49020,haiku_data_2,Spruce Woods. / Fireweed filling. / The vacancy.,spruws wuhdz fay|er|wiyd fih|laxng dhax vey|ka...,woods,wuhdz,0.568974,Spruce Woods. Fireweed filling. The vacancy.
49021,haiku_data_2,Corrugated sun. / Chilies and laundry. / In ro...,kao|rax|gey|taxd sahn chih|liyz aend laon|driy...,sun chilies,sahn chih|liyz,0.551056,Corrugated sun. Chilies and laundry. In roofto...
49022,haiku_data_2,Home from war. / We ease out. / The champagne ...,hhowm frahm waor wiy iyz awt dhax shaxm|peyn k...,home,hhowm,0.697112,Home from war. We ease out.
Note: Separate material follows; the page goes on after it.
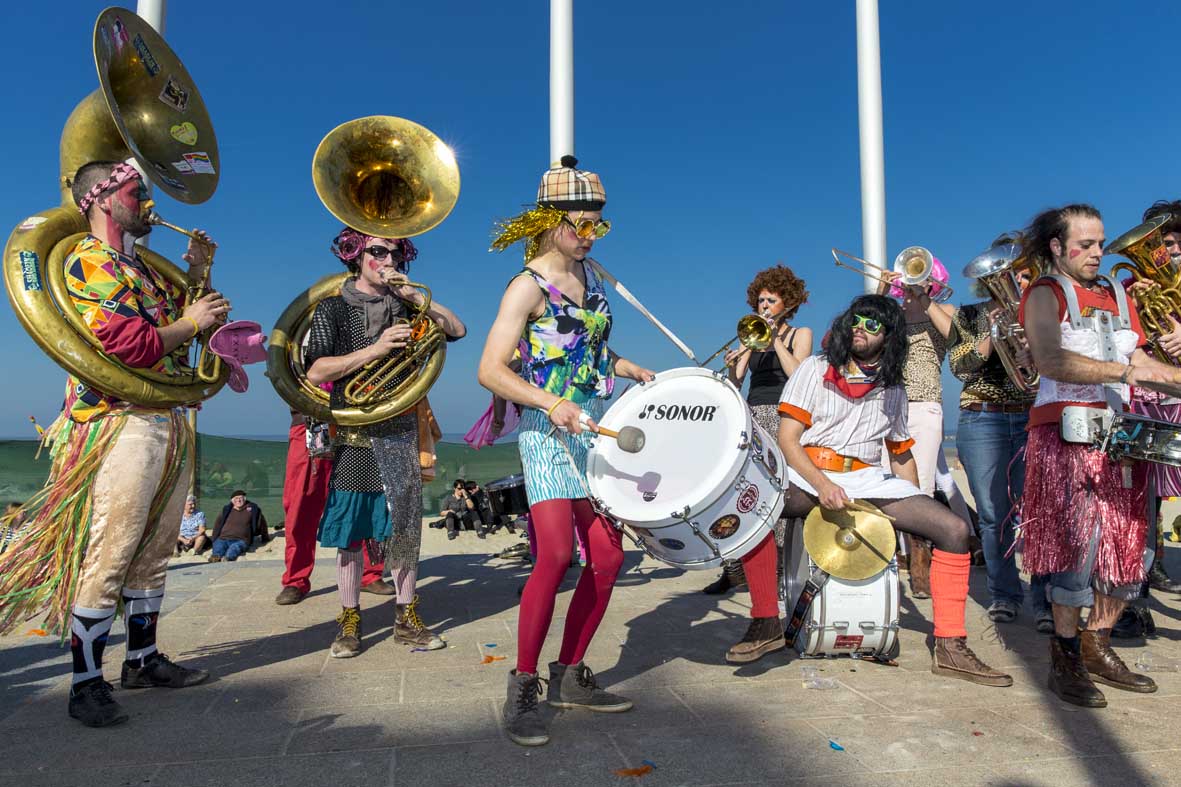 Womit ich wieder nach Dünkirchen zurückkomme. Eigentlich wollten wir uns das FRAC ansehen, eine alte Werfthalle im nicht mehr genutzten Bereich des Hafens, die zu dem Zeitpunkt gerade als Zentrum für zeitgenössische Kunst neu eröffnet worden ist. Und wir gerieten, Wochen nach unserem Aschermittwoch, in den Karneval. Was für ein Glückszufall. Es war ein riesiges fröhliches Fest, mit viel Musik und einer politisch wenig korrekten, aber witzigen Kostümierung. Im Laufe des Tages haben wir viel erfahren. Man war allgemein in bester Feierlaune und gleichzeitig auch sehr erzählfreudig. Dünkrichen ist eine Hochburg des Karnevals und man kommt aus Halbfrankreich um dabei zu sein. Es gab richtig, richtig gute Musik. Zum Dünkirchener Karneval gehört offenbar, dass Musikgruppen, Bands, Orchester anreisen, um hier aufzuspielen. Es war keine Feier der Antialkoholiker, eher nicht, aber das Thema Alkohol war nicht so beherrschend wie es hier auf den großen Rosenmontagszügen der Fall ist. Auch die Geschichte dieses Karnevals wurde uns von unseren neuen Freunden für einen Tag erklärt: er hat seinen Ursprung darin, dass die Seeleute, bevor sie für lange Monate auf dem Meer sein würden, um vor der Küste von Neufundland und Island Kabeljau zu fangen, noch einmal so richtig feiern wollten. Ich bin sicher, dass die, die da Musik gemacht und getanzt haben, nicht kurz davor standen, vor Neuseeland Kabeljau zu fangen – aber feiern konnten sie!

The champagne corks.


In [3]:
# Let's take just a random sample of 5000 of these.
haikus_text = haikus["text"].sample(100)

# print the first haiku
print("Original Haiku format:")
print(haikus_text.iloc[0])

# Add newlines
haikus_text = haikus_text.str.replace(" / ", "\n")
print("\nWith new-lines:")
print(haikus_text.iloc[0])

# Look at 4 more of them
for i in range(1, 5):
    print("\n" + haikus_text.iloc[i])

Original Haiku format:
Starry night. / The queue for skates. / Moves slowly.

With new-lines:
Starry night.
The queue for skates.
Moves slowly.

Snowed in.
Fire wraps.
Around a log.

Last rays of sun.
Crows suddenly.
Goldwinged.

Fireside.
A piece of jigsaw.
Slips into place.

We may start seeing.
A lot of those walking boots.
On people soon, lol.


## This time we'll keep them all

In [8]:
# See if we can get some consistent formatting
haikus["text"] = haikus["text"].str.replace(" / ", "\n")

for i in range(3):
    print(haikus.iloc[i]["text"] + "\n")

Delicate savage.
You'll never hold the cinder.
But still you will burn.

A splash and a cry.
Words pulled from the riverside.
Dryed in the hot sun.

Steamy, mist rising.
Rocks receiving downward crash.
As the jungle weeps.



## Good enough, let's train!

Next up we'll use the "text" and "keywords" columns to construct a training dataset to use for training our model with this filtered set of haikus.

In [9]:
import logging
import os

import yaml

from ludwig.api import LudwigModel

prompt_template = """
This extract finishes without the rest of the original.